Backup and Restore

NS8 core provides a backup and restore infrastructure for applications, and a procedure tailored for single node cluster disaster recovery.

• Backup and Restore
  • Core architecture
  • Inspect the rclone-gateway configuration
  • Rclone interactive sessions
  • Execute a backup
  • Execute a restore
  • Cluster configuration backup
  • The restic-wrapper command

Core architecture

• A backup destination is a remote filesystem accessible with Rclone, where backup data is saved. It’s a cluster object persisted in Redis, under the restricted private/nodes/* key space: only nodes can read its contents. Secrets and configurations are stored in Rclone-format in the HASH key private/nodes/backup_destination/rclone_conf, indexed by destination ID. Other HASH keys are cluster/backup_repository/<destination ID>, with public backup destination attributes, and the HASH key private/agents/backup_destination/restic_password, indexed by destination ID: it contains the encryption password of all Restic repositories in the backup destination, shared among the applications that use it.

• A backup is the relation between a periodic schedule of the backup, a backup destination, and a set of applications to backup. It also has auxiliary attributes, like the backup snapshot retention. It’s a cluster object persisted in Redis in HASH keys in the form cluster/backup/<backup ID>. The backup ID is generated from a sequence: cluster/backup_sequence.

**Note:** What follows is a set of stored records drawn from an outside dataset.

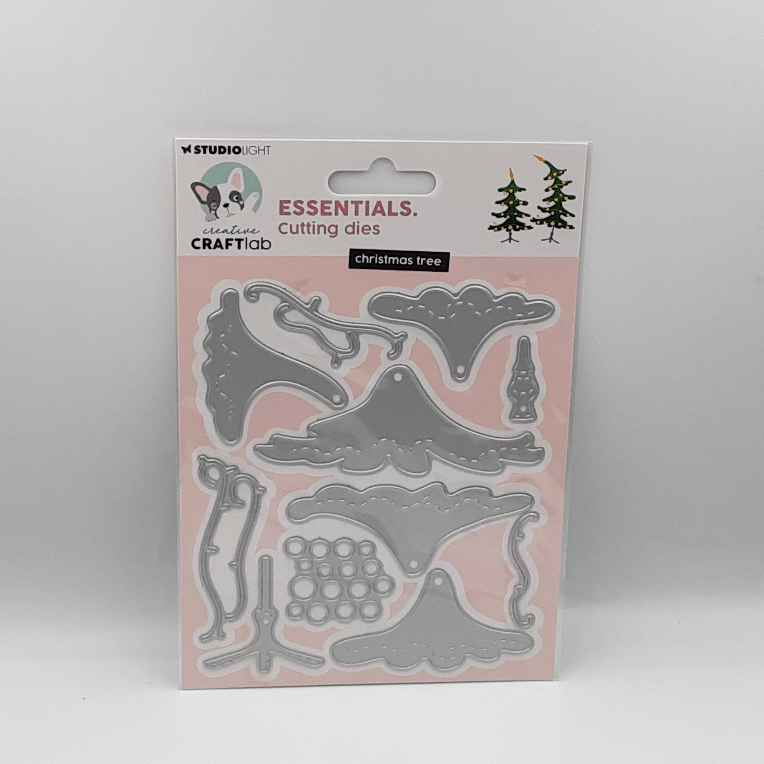 11-delige set stansmallen om verschillende soorten kerstbomen te maken , met voet en kerstballen
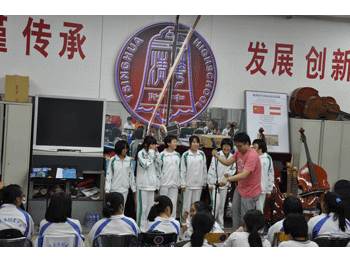 谭可儿、张怡然同学分别代表高三和初三毕业生发言,总结了自己过去3年的成长心得,并回顾了乐团的排练和演出情况。除了对学校和老师的感谢之外,更对师弟师妹提出了一些具体的要求,嘱咐他们要接好班,为传播祖国的传统文化贡献自己的一份力量。随后,09级团员们纷纷发言,表达了他们对学弟学妹的希望。在全体同学们热烈的掌声中和“加油!加油!”的呐喊声中,09级的同学们把自己的名牌别在了民乐团的团旗上,并把这段“金帆”的经历,深深地镌刻在了乐团的历史上,期间不少同学留下了热泪。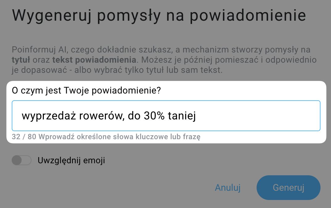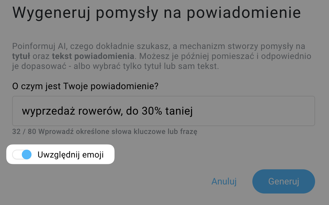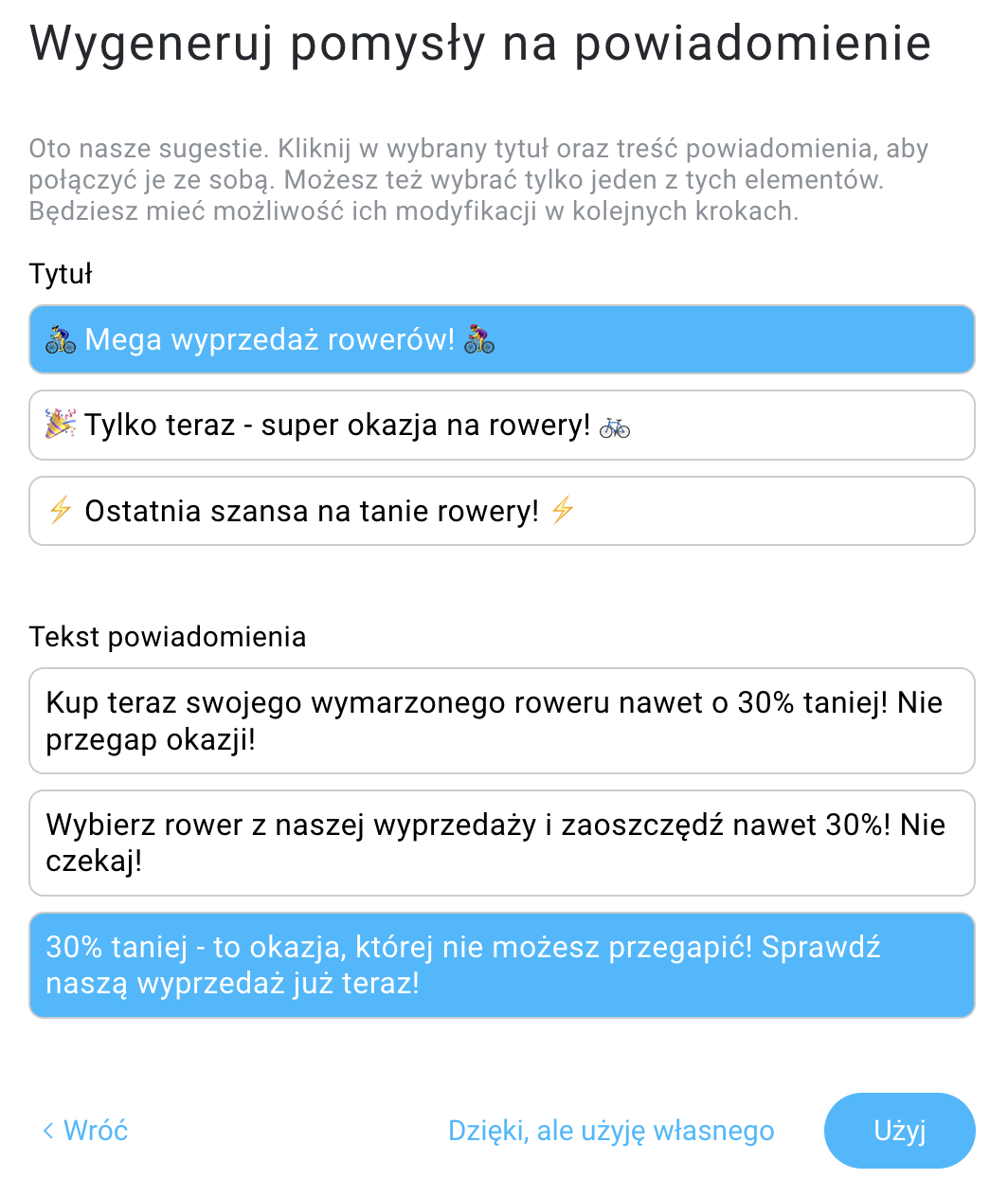 - Wybierz jeden z trzech tytułów i jeden z trzech tekstów powiadomień sugerowanych przez sztuczną inteligencję.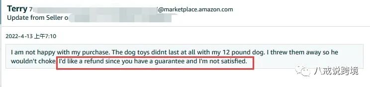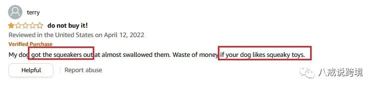 但是我们dog toys产品却属于不会发声的那个dog toys类目,所以根据这一点,能100%确定该名顾客肯定是先前购买了大量的dog toys玩具,最后某款squeaky toys出现了问题,就把责任错误的记在了我们的头上。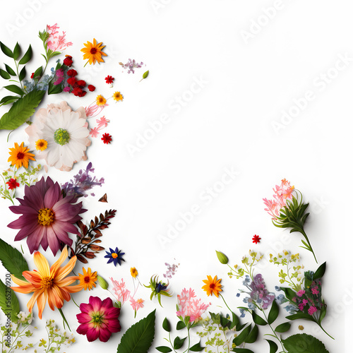 a white background topped with lots of flowers, blank space made with Generative AI technology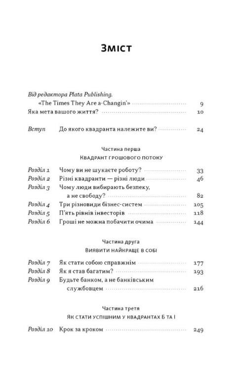 Різниця між цими порадами — не у словах, а в тому, як ви заробляєте гроші. Можна носити воду відрами або ж побудувати власний водопровід. У цій книжці Роберт Кійосакі пропонує просту й водночас революційну модель — квадрант грошового потоку E-S-B-I. Найманий працівник, самозайнятий, власник бізнесу та інвестор — чотири способи отримувати дохід і чотири різні типи мислення. Автор допомагає визначити, у якому секторі перебуваєте зараз ви, та показує шлях переходу до тих квадрантів, де ви знайдете суттєві податкові переваги й де народжується фінансова свобода.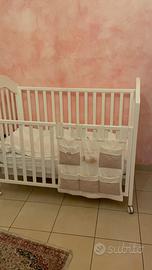 Vendo completi arredo per cameretta neonato NANAN linea TATO : lettino con cassetto,cassettiera ,pannello porta oggetti,n.2 ceste porta giochi,carillon da lettino ,riduttore,paracolpi e completi letto .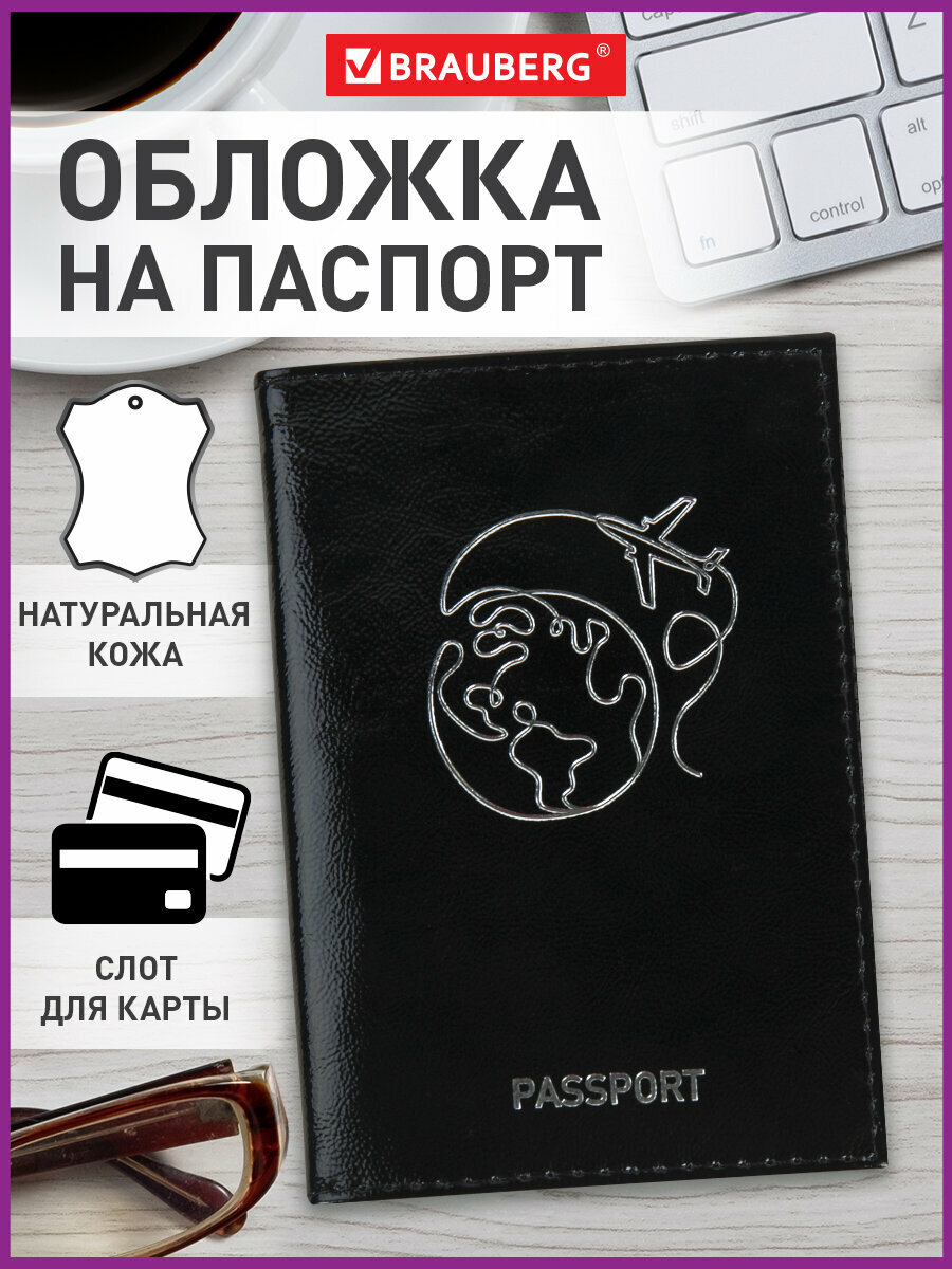 Обложка (чехол) на паспорт / для документов натуральная кожа черная, Brauberg интересное:
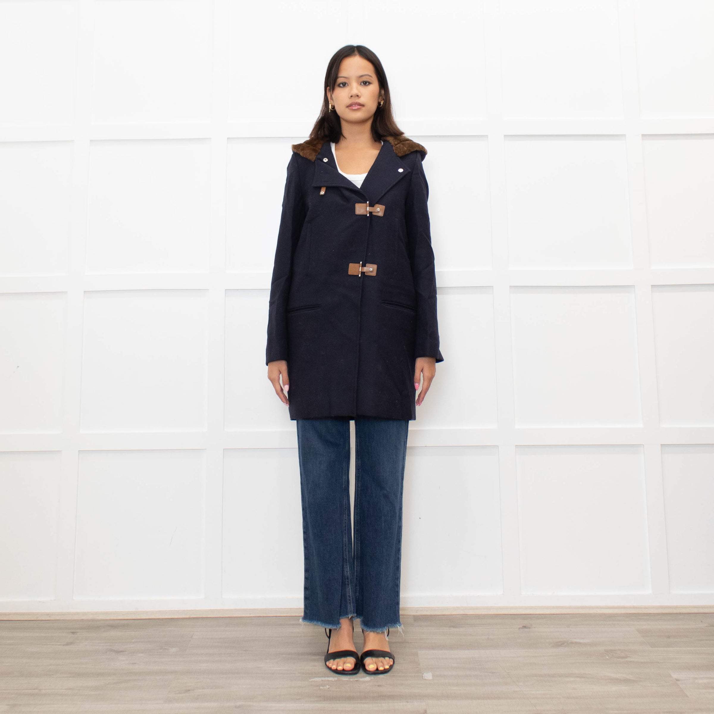 Sandro navy blue wool peacoat with faux fur trim and a hood. Fastening with leather and metal toggles. Finished with long sleeves, four front pockets, and a full lining.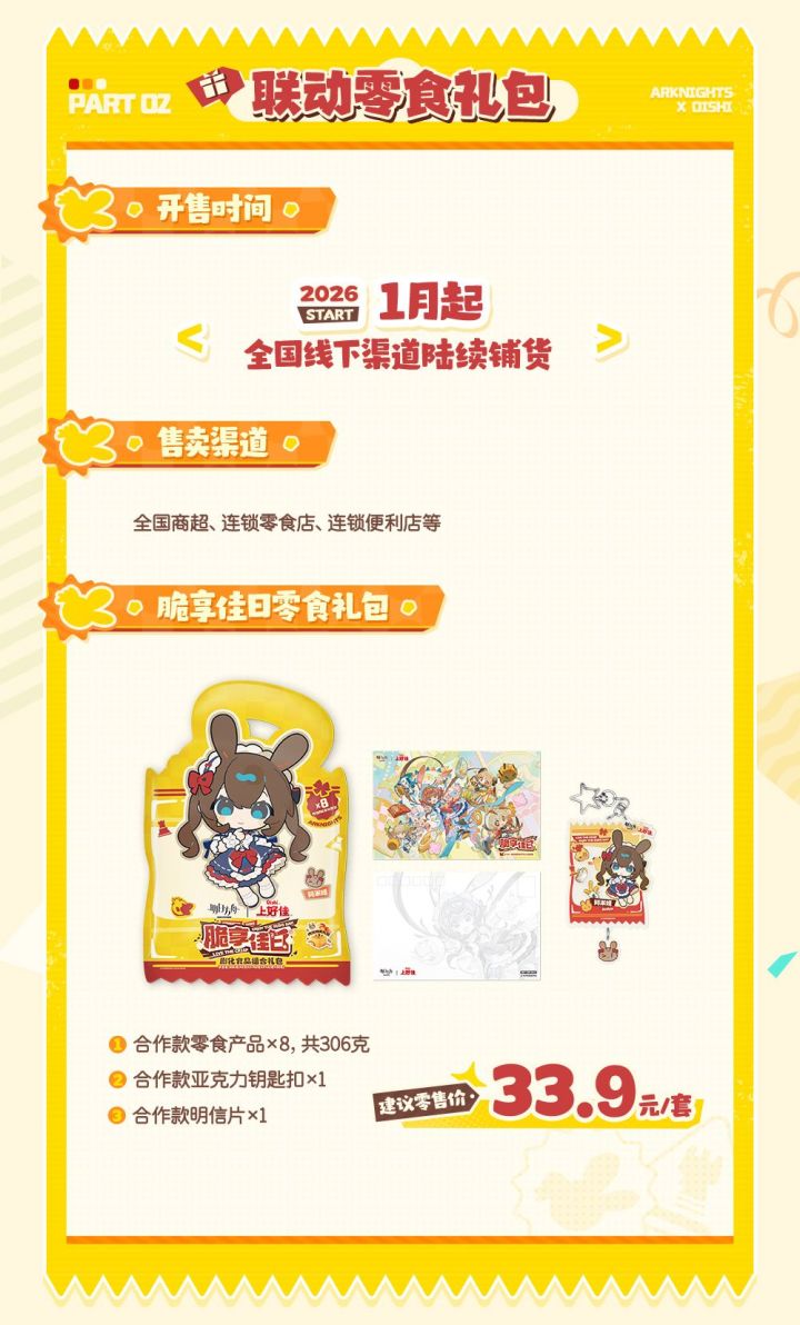 零食礼包。8款零食共计306g。附带明信片和钥匙扣。 33.9元。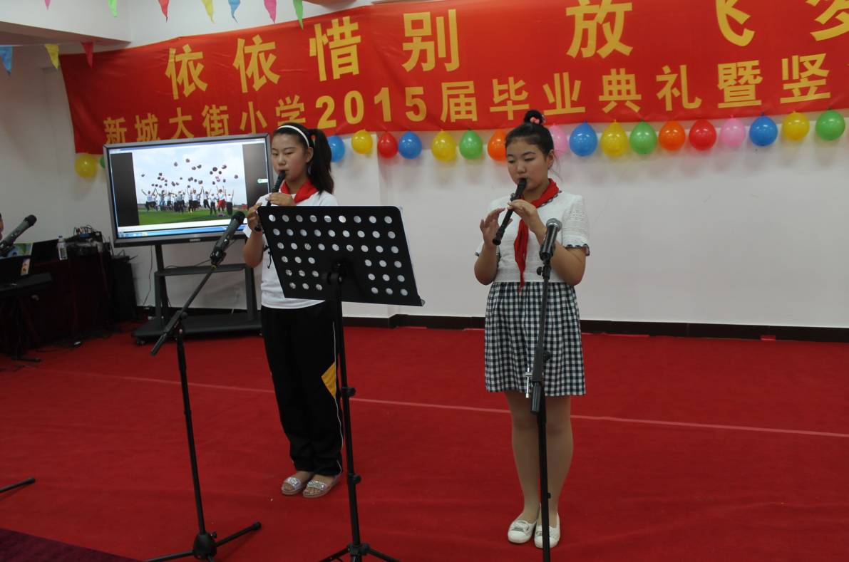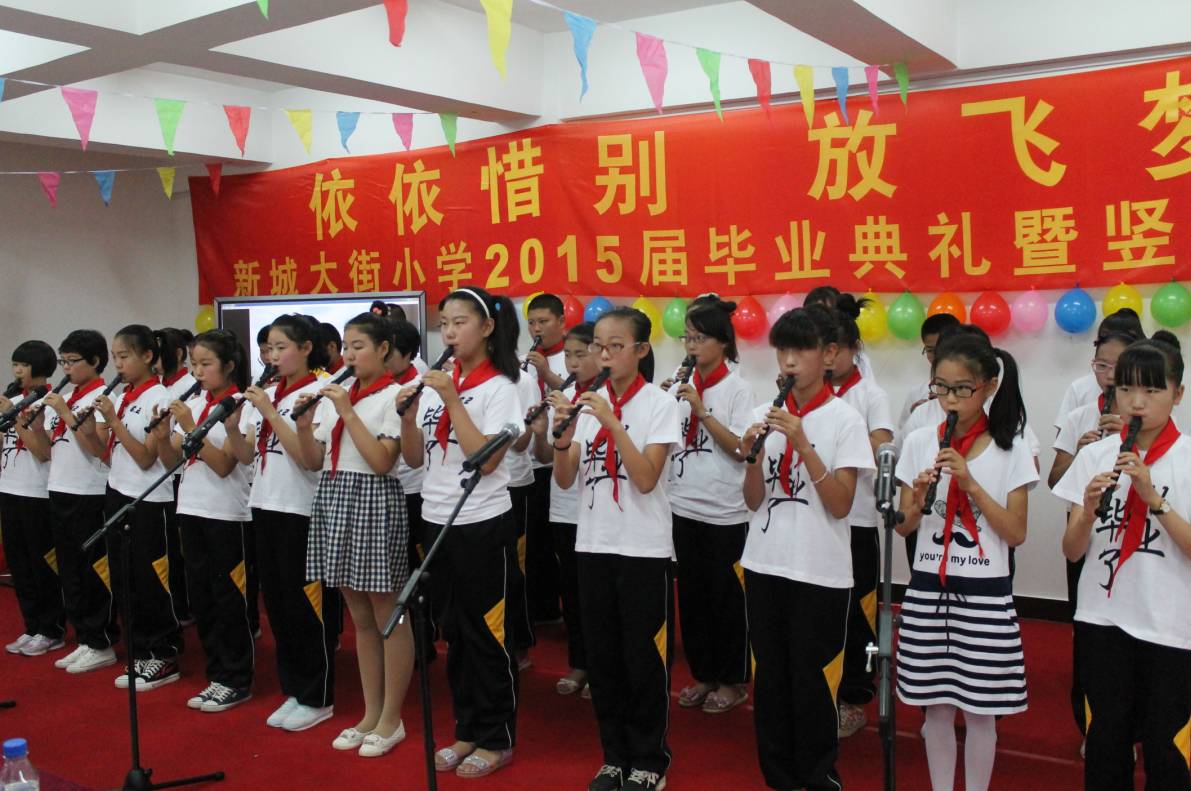 竖笛汇报演出是毕业季活动的重要环节,也将毕业典礼推上一个小高潮。同学们的精彩表演给在场的来宾和家长们留下了深刻的印象,这是毕业生们对母校的眷恋和感恩,更是面对未来、迎接挑战的浓浓自信。同时,这场汇报演出,也为孩子们为期三年的竖笛教学交上了一份满意的答卷。四、五年级的学弟学妹们作为助演嘉宾也献上了精彩的表演,也充分展现了新城大街小学多年来艺术教育方面的丰硕成果!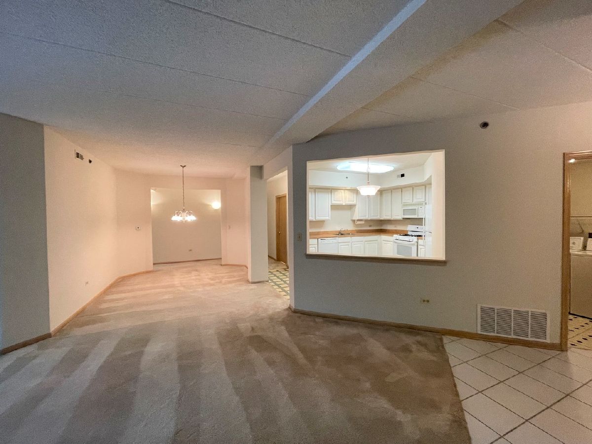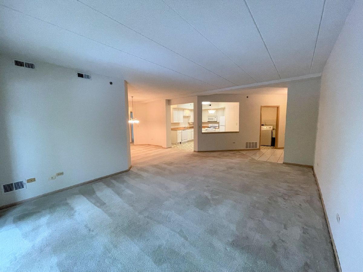 BEST PRICED 3 BEDROOM 2 BATH CONDOMINIUM WITH AN ELEVATOR IN ALL OF ORLAND PARK. UNIT IS SPACIOUS PLUS IT WAS JUST REFRESHED AND IS IN MOVE-IN CONDITION. THIS IS A ONE-OWNER END UNIT WITH 9' CEILINGS, EAT IN KITCHEN WITH WHITE CABINETS. IN UNIT LAUNDRY WITH FULL SIZE WASHER AND DRYER AND UTILITY SINK. AWESOME ENSUITE BEDROOM IS HUGE(23'X12'), WALK IN CLOSET, BAY WINDOW, TRAY CEILING, WHIRLPOOL TUB AND SEPARATE SHOWER. BALCONY OFF THE LIVING ROOM WITH VIEWS OF THE TREES. FIRE SPRINKLERED UNIT AND BUILDING. NEW FURNACE IN 2021. FLEXICORE CONSTRUCTION...THE BEST! ELEVATOR TO THE INDOOR HEATED GARAGE AND STORAGE CAGE. AWESOME LOCATION WITH ALL KINDS OF SHOPPING AND RESTAURANTS AND OTHER CONVENIENCES ALONG 159TH STREET. YOUR NEW CONDOMINIUM IS AWATING YOUR VISIT!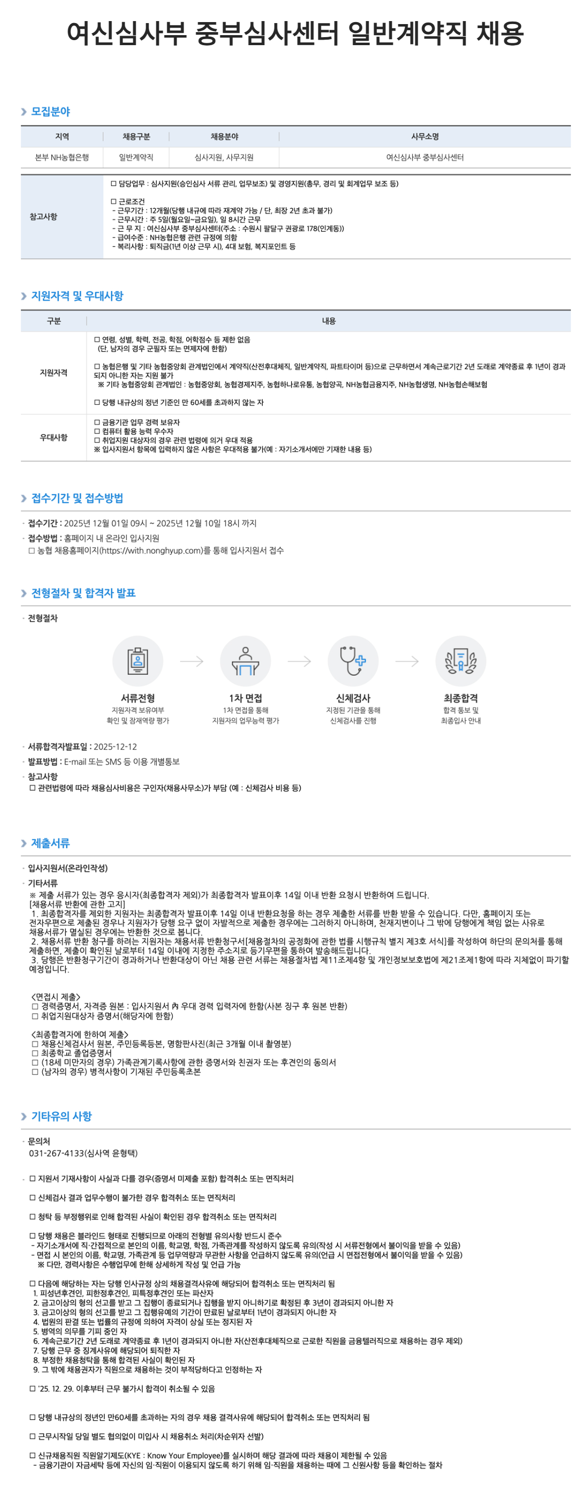 [NH농협은행] 여신심사부 중부심사센터 일반계약직 채용

• Every cluster node manages a pool of Systemd timers with the backup-timers.service unit, to start the backups at the scheduled times. The node run-backup helper command iterates over the configured applications and executes their module-backup procedure, by runagent impersonation. The run-backup command also updates the backup status of every application in Redis key node/<node ID>/backup_status/<backup ID>, and writes an overall backup status into /run/node_exporter/backup<backup ID>.prom files. It also uploads .json files with backup repositories metadata. When executed on the leader node, uploads a copy of the encrypted cluster backup.

• Every cluster node runs a rclone-gateway service, an authenticated HTTP proxy server. Access is granted to nodes and cluster applications providing their Redis credentials (environment variables REDIS_USER, REDIS_PASSWORD). The HTTP proxy server is a frontend to two internal rclone serve backends: webdav and rest. Nodes can access both, whilst applications can access a restricted set of operations of the Restic Rest server, and only on the data they own. Application backup jobs (Restic) access their repository through the REST endpoint. See also the module backup documentation.

Inspect the rclone-gateway configuration

Cluster actions never return saved passwords. To see the full rclone remote configuration run this command:

podman exec rclone-gateway rclone config show

As an alternative, run

runagent -m node cat rclone/rclone.conf

Some rclone remotes, like smb, do not accept a clear-text password in the configuration file. In those cases decrypt the password with a command like this:

podman exec rclone-gateway rclone reveal <secret>

Rclone interactive sessions

To manually operate on backup destination contents get an interactive shell in the rclone-gateway container and execute rclone commands. This is an example session that lists a remote’s contents.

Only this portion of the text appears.